Of the four IRAK family members, only IRAK-1 and IRAK-4 are true kinases. IRAK-2 and IRAK-3 are pseudokinases and lack the critical aspartate residue for kinase activity, therefore are catalytically inactive. Despite mutation and dysfunction of various pseudokinases being linked to disease, the mechanism of action of many pseudokinases is poorly understood and therefore no drugs targeting pseudokinases have been approved for clinical use.

The function and mechanism of action of the pseudokinase IRAK-3 has been subject to conflicting reports since its discovery. Generally considered to be a negative regulator of inflammatory signalling and to do so by interacting with the myddosome in some way, IRAK- 3 has been linked to a number of diseases. While its expression is thought to be favourable in the acute inflammatory phase of allergic asthma, it has also been reported that IRAK-3 knockout mice are more resistant to the pathology of certain diseases, including chronic phase allergic asthma, sepsis and inflammation-driven tumorigenesis. Therefore, I focused my research on elucidating the role of IRAK-3 in macrophages. In Chapter 3, I used an IRAK-3 PROTAC developed by collaborators at AstraZeneca to clarify the role of IRAK-3 in regulating TLR signalling and worked towards identifying a mechanism of action for this. In Chapter 4, I used proteomics to study the role of IRAK-3 in TLR1/2-stimulated macrophages to identify previously unknown functions of IRAK-3.

I discovered that IRAK-3 regulates the secretion of the pro-inflammatory cytokines IL6, TNF and IL-12(p40) in MyD88-dependent TLR signalling, while not affecting secretion of the anti-inflammatory cytokine IL-10. IRAK-3 depletion did not affect phosphorylation of the activation loops of various signalling components downstream of the myddosome, including the canonical IKK complex and MAP kinases JNK1/2 and p38a. However, I found that IRAK-3 promoted phosphorylation of the activation loops of the IKK-related kinases, TBK1 and IKKe. The decreased activity of IKKe in IRAK-3 deficient macrophages was sustained for 2 hours, while the decreased activity of TBK1 was sustained for at least 8 hours. Since the IKK-related kinases negatively regulate TLR signalling, their activation being promoted by IRAK-3 may explain how IRAK-3 negatively regulated pro-inflammatory cytokine secretion.

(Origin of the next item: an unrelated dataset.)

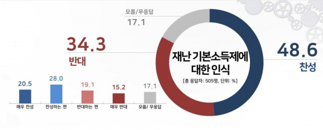 코로나19로 인한 재난상황에서 국민에게 동등하게 일정 금액을 지급하는 ‘재난 기본소득제’도입에 대해 응답자 절반 가까이 ‘찬성’하는 것으로 나타났다.

I also used mass spectrometry to analyse the proteome of mouse macrophages after TLR1/2 stimulation, in the presence and absence of IRAK-3. This led me to discover that rather than the broad anti-inflammatory effects that IRAK-3 has previously been thought to have, the effects of IRAK-3 are in fact very specific with only a select few proteins affected by IRAK- 3 depletion. Expression of some pro-inflammatory cytokines and chemokines were enhanced in the absence of IRAK-3, while TLR1/2 stimulation-induced expression of two anti- inflammatory proteins, a pattern recognition receptor and a protein regulating the actin cytoskeleton were reduced in the absence of IRAK-3. These findings open several potential new avenues of investigation into the function and mechanism of IRAK-3.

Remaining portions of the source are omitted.